Look for "alternata" in every line of the listing. Copy the lines that have it.

Records shown.
*****

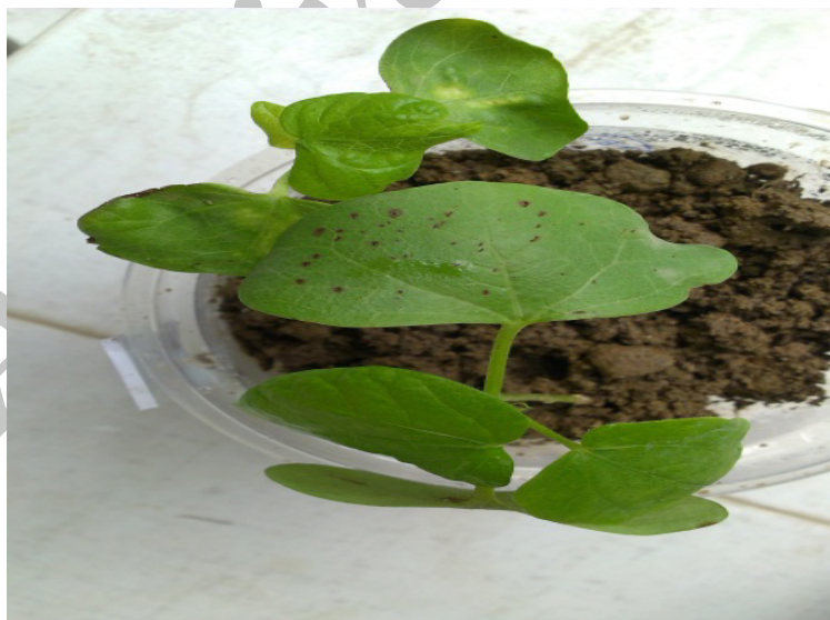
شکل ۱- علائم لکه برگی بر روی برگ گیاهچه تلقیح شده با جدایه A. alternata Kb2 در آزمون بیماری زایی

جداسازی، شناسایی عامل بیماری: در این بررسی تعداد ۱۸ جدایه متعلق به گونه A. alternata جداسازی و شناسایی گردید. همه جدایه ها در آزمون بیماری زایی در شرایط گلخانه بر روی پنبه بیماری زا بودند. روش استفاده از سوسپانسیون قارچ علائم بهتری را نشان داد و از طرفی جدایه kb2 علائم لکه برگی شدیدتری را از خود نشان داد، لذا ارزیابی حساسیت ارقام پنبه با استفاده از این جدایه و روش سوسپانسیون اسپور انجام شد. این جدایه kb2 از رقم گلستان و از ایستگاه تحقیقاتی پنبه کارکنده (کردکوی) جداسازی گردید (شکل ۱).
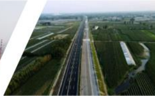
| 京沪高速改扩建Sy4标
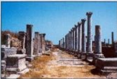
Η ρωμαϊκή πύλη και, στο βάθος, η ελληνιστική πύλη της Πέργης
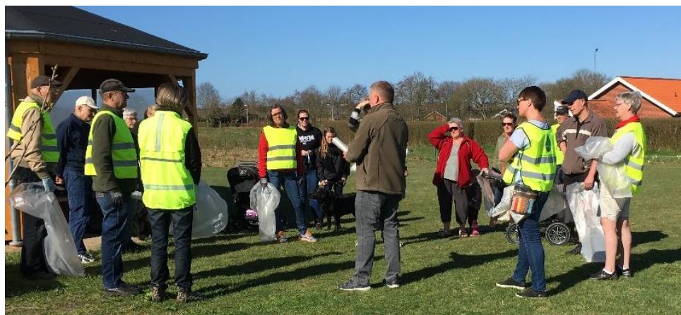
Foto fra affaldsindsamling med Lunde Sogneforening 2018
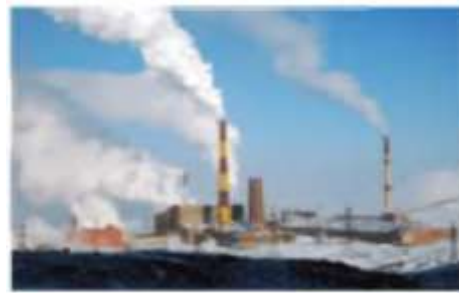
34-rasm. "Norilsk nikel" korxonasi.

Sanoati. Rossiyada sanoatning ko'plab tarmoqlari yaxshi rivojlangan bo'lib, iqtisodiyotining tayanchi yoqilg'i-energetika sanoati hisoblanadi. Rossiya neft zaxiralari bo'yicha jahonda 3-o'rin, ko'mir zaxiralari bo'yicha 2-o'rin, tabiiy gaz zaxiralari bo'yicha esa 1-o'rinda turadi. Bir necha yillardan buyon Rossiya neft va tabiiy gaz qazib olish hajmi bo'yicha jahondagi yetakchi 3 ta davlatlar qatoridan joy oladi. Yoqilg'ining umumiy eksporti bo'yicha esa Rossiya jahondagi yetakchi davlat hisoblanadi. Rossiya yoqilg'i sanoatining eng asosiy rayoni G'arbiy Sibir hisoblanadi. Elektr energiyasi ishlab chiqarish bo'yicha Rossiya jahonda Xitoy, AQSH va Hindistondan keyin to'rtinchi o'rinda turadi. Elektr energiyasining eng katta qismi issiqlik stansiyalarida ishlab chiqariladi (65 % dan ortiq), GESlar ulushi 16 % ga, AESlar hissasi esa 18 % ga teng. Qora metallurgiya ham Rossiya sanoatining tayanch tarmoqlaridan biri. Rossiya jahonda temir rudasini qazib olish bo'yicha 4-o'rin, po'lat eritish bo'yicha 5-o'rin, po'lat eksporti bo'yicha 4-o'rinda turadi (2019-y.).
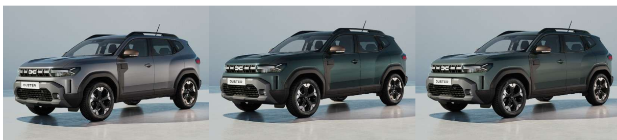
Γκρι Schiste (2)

*****

Response to this task.
شکل ۱- علائم لکه برگی بر روی برگ گیاهچه تلقیح شده با جدایه A. alternata Kb2 در آزمون بیماری زایی
جداسازی، شناسایی عامل بیماری: در این بررسی تعداد ۱۸ جدایه متعلق به گونه A. alternata جداسازی و شناسایی گردید. همه جدایه ها در آزمون بیماری زایی در شرایط گلخانه بر روی پنبه بیماری زا بودند. روش استفاده از سوسپانسیون قارچ علائم بهتری را نشان داد و از طرفی جدایه kb2 علائم لکه برگی شدیدتری را از خود نشان داد، لذا ارزیابی حساسیت ارقام پنبه با استفاده از این جدایه و روش سوسپانسیون اسپور انجام شد. این جدایه kb2 از رقم گلستان و از ایستگاه تحقیقاتی پنبه کارکنده (کردکوی) جداسازی گردید (شکل ۱).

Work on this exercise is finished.